Wie zuerst die „Bild“ am Samstag (10.2.) berichtete, habe die Staatsanwaltschaft Anklage gegen den Dortmunder Polizisten erhoben. Auf Anfrage dieser Redaktion am selben Tag hatte die Dortmunder Staatsanwaltschaft die Anklageerhebung weder bestätigt noch dementiert.

„Nach meinem Kenntnisstand gibt es eine Anklage“, sagt aber Burkhard Benecken am Sonntag (11.2.). Wie der Strafverteidiger mitteilt, werde der Polizist sei der Beamte wegen „versuchter gefährlicher Körperverletzung im Amt und Nötigung“ angeklagt.

Sechs Schüsse auf Fahrzeug

Burkhard Benecken vertritt in der Nebenklage den damals 17-Jährigen, der ohne Führerschein am Steuer eines Mercedes saß. Der Fahrer hatte angeben, aus diesem Grund die Halteaufforderungen der Polizei missachtet zu haben, als diese das Fahrzeug kontrollieren wollte. Neben dem damals 17-Jährigen saß sein damals 18-jähriger Freund, der auch von Benecken vertreten wird.

Als der Streifenwagen nach der missachteten Halteaufforderung die Verfolgung aufnahm und die 17- und 18-jährigen jungen Männer ausgebremst hatte, soll einer der Beamten ausgestiegen sein und auf das Fahrzeug geschossen haben.

Laut Benecken sind mindestens sechs Schüsse abgegeben worden. Wie im Mai bekannt geworden war, waren sie alle aus der Waffe eines Polizisten abgegeben worden. Gegen den zweiten am Einsatz beteiligten Beamten waren die Ermittlungen deshalb eingestellt worden.

Polizei Recklinghausen ermittelt

Die Polizei Recklinghausen, die in dem Fall ermittelt, hatte nach den Schüssen die Situation auf der Leopoldstraße aufwändig nachgestellt und 3D-Modelle von der Position der Fahrzeuge angefertigt.

Für Benecken sei es wegen dieses Aufwands deshalb nicht verwunderlich, dass erst über ein Jahr nach dem Vorfall Anklage durch die Staatsanwaltschaft erhoben wurde. Das Gericht muss nun noch entscheiden, ob es das Hauptverfahren zulässt. Benecken schätzt, dass der Fall dann im Herbst 2024 vor dem Landgericht verhandelt werden könnte.
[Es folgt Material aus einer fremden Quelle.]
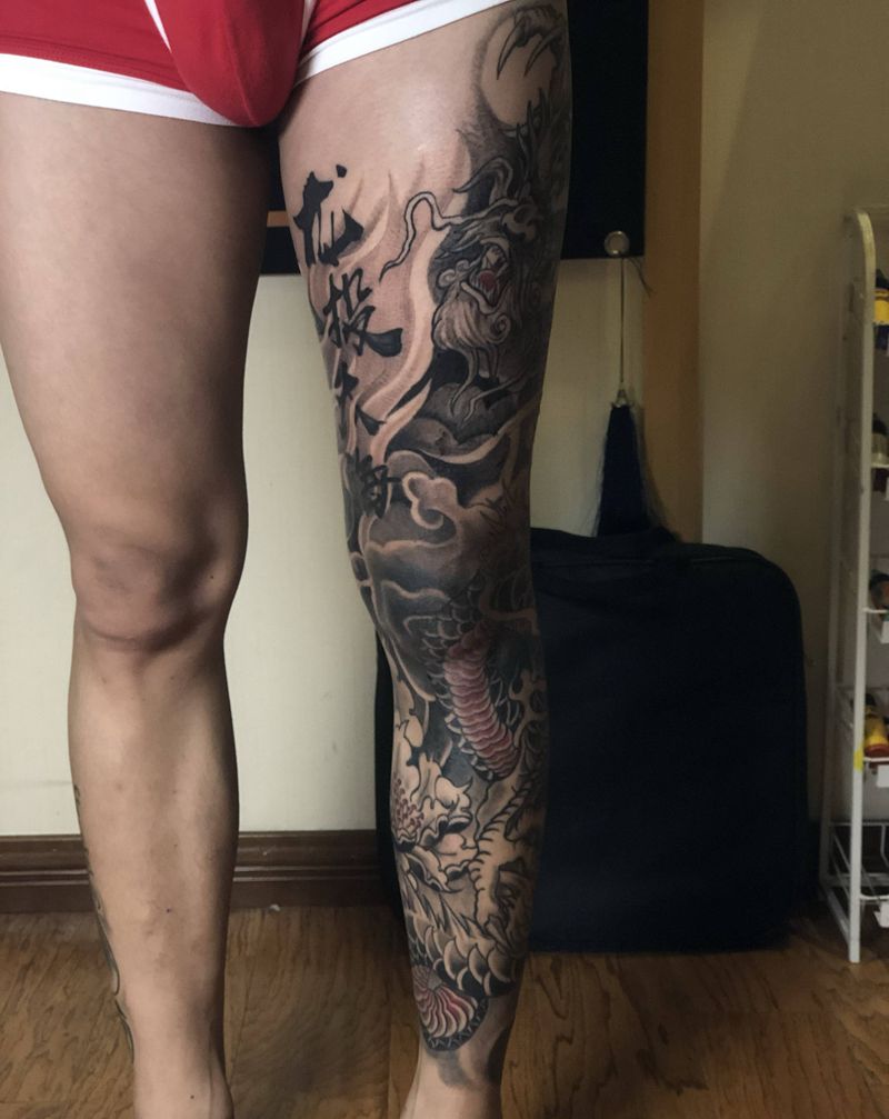 当前位置: 首页 >四川省成都市纹身店-黑川刺青纹身图案>龙腿纹身图片_腿部新传统书法牡丹龙纹身图案

Das sei auch immer abhängig von anderen Verfahren, die bearbeitet werden müssten.

Der Strafverteidiger hatte in der Vergangenheit auch Kritik an der Praxis geübt, dass Polizeidienststellen gegen andere Polizeibeamte ermitteln. In diesem Fall aber sagt er auch mit Blick auf die Staatsanwaltschaft: „Ich habe den Eindruck, dass man in Dortmund sehr fair in beide Richtungen ermittelt hat.“ Im Gericht werde aber die Frage zu stellen sein, ob es sich in diesem Fall um mehr als versuchte Körperverletzung handle.

„Wie ein Horror-Film“

Auch versuchter Totschlag oder Mord seien nach Auffassung des 48-Jährigen denkbar. Benecken macht das an einem Projektil fest, das im Lenkrad des Fahrzeugs stecken geblieben sei. „Mein Mandant hatte Glück, dass er das überlebt hat. Der Polizist hat regelrecht in Wild-West-Manier gehandelt.“

Erst am Sonntagmorgen habe er noch mit dem Vater des damals 17-Jährigen gesprochen, dem das Fahrzeug, auf das geschossen wurde, eigentlich gehört. Dieser wolle wie sein Mandant auch, dass der Fall aufgeklärt werde. „Der Vater war bei der Rekonstruktion durch die Polizei Recklinghausen dabei. Als er gesehen hat, wo die Schüsse eingetreten sind, wurde ihm schwummrig“, erzählt Benecken.

Über seinen Mandanten selbst sagt der 48-Jährige: „Für ihn ist das wie ein Horror-Film, der immer wieder abläuft.“ Der heute 18-Jährige befinde sich wegen des Vorfalls in psychotherapeutischer Behandlung. Gegen ihn läuft ein Strafverfahren wegen des Fahrens ohne Fahrerlaubnis. „Das ist noch nicht eingestellt“, sagt Benecken. Er könne sich aber vorstellen, dass es aufgrund der Umstände fallen gelassen werde.